Mathias De Amorim

Personal information
- Date of birth: 10 December 2004 (age 21)
- Place of birth: Pessac, France
- Position: Midfielder

Team information
- Current team: Famalicão
- Number: 14

Youth career
- 2010–2014: CA Béglais
- 2014–2023: Bordeaux

Senior career*
- Years: Team / Apps / (Gls)
- 2022–2024: Bordeaux B / 23 / (2)
- 2023–2024: Bordeaux / 9 / (0)
- 2024–: Famalicão / 54 / (5)

International career^{‡}
- 2023–2024: France U20 / 4 / (0)
- 2025–: Portugal U21 / 5 / (0)

= Mathias De Amorim =

Portuguese footballer (born 2004)

Mathias De Amorim (born 10 December 2004) is a professional footballer who plays as a midfielder for Primeira Liga club Famalicão.
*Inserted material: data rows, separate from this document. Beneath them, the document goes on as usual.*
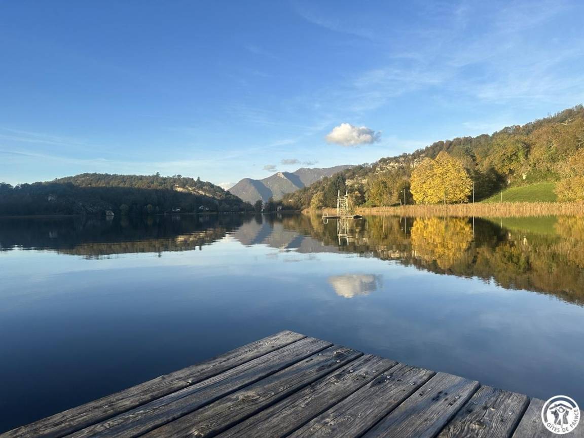 „Maison isolée divisée en 3 très bien rénovée et décorée avec tout le confort, au pied d'un agréable chemin prisé par les pêcheurs, qui fait le tour du lac Barterand. A faire: Baignades, vélo, randonnées, la dent du chat et son auberge, le puits des Tines, la superbe abbaye de Hautecombe, le lac du bourget, Aix les Bains et son magnifique casino, Chanaz, manger les glaces de Yenne...“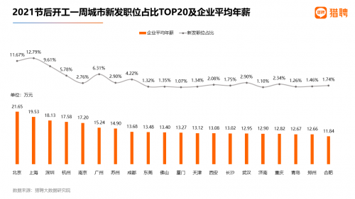 2021春节后开工首日过半企业到岗率超90%,远高于2020;2021节后开工一周新发职位同比增长266.58%,活跃人才增长69.54%。其中,互联网行业新发职位居全行业之首,占比25.71%,金融行业企业平均薪资最高,达到为19.55万元。另外,从不同城市的企业平均年薪来看,位居前五的依次是北京、上海、深圳、杭州、南京,分别达21.65万元、19.53万元、18.13万元、17.58万元、17.20万元。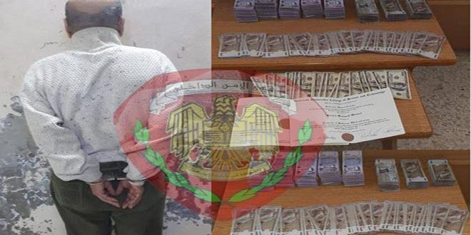 وذكرت وزارة الداخلية في بيان تلقت سانا نسخة منه أنه مع المتابعة والمراقبة تمكن فرع الأمن الجنائي في محافظة حماة من القبض على الشخص المذكور وعثر بمنزله في قرية دير شميل على 23 قطعة نقدية مزورة من فئة الدولار الأمريكي ومبلغ ثلاثة ملايين وتسعمئة وخمسة وثمانين ألف ليرة سورية مزورة جميعها من فئة الخمسة آلاف ليرة ومبلغ خمسة ملايين وثمانية وخمسين ألف ليرة سورية من فئة الألفي ليرة وشهادة جامعية باسمه صادرة عن الجامعة اللبنانية الأمريكية وهي مزورة.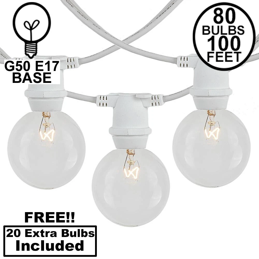 Novelty Lights, Inc. manufactures these durable and heavy duty commercial grade light sets which come with 80 intermediate base sockets spaced 15″ apart on White 16 gauge SPT-2 wire with 100 G50 Clear Bulbs. Each set comes with 20 extra bulbs. This set is not connectable end to end. These strings are perfect for an outdoor patio, special event, restuarant, and Christmas lighting decoration. Each string comes ready to plug in; all you need to do is screw in the light bulbs. Each socket is made of PVC material to create a water tight seal around the globe bulb for extra protection against weathering.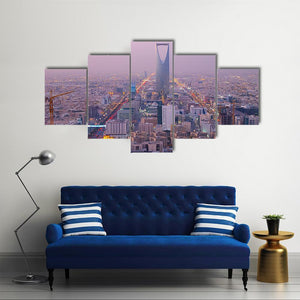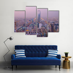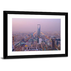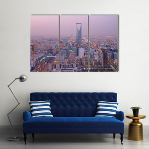 This canvas art features the Riyadh skyline with the iconic Kingdom Centre tower as a focal point. The urban scene, captured in an aerial view, showcases vibrant city lights against a rich palette of purple, blue, gold, white, and black.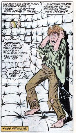 Issue #304 begins simply enough, with Reed, Ben, Sue and Franklin in Reed’s lab as he tinkers with some sci-fi device. There are several pages of recaps, reminding readers of Franklin’s new powers, and Ben’s recent short-lived stint with the West Coast Avengers before he returned to the FF. Reed then makes a big announcement. He says he and Sue are leaving the team to focus more on Franklin, and Reed wants Ben to be the new team leader. Ben says no, thinking to himself that this is just an act of charity on Reed’s part. It’s also during this time that we see, somewhat terrifyingly, Reed still has Kristoff in a padded cell (!), and Kistroff still believes he’s Dr. Doom.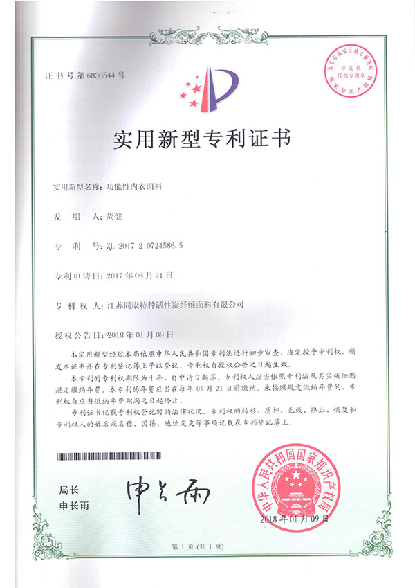 專(zhuān)利證書(shū)功能性內(nèi)衣面料

Born in France, he currently represents Portugal at youth level.

== Club career ==

On 14 August 2023, De Amorim made his professional debut with Bordeaux, coming on as an 88th-minute substitute in a 1–0 Ligue 2 win over Concarneau. On 22 August, he signed his first professional contract, a deal until June 2026.

On 4 August 2025, De Amorim signed a four-year contract with Primeira Liga club Famalicão.

== International career ==
Born in France, De Amorim is of Portuguese descent. He has French and Portuguese nationality. On 31 August 2023, De Amorim received his first international call-up, an invitation for two matches with the France under-20s against Denmark. He made his debut in the first match on 9 September, a 2–2 draw.
Mathias De Amorim represented Portugal U21 in September 2025 with a winning score of 5-0 over Azerbaijan U21 In September 2025, he was called up to the Portugal U21s for a set of 2027 UEFA European Under-21 Championship qualification matches.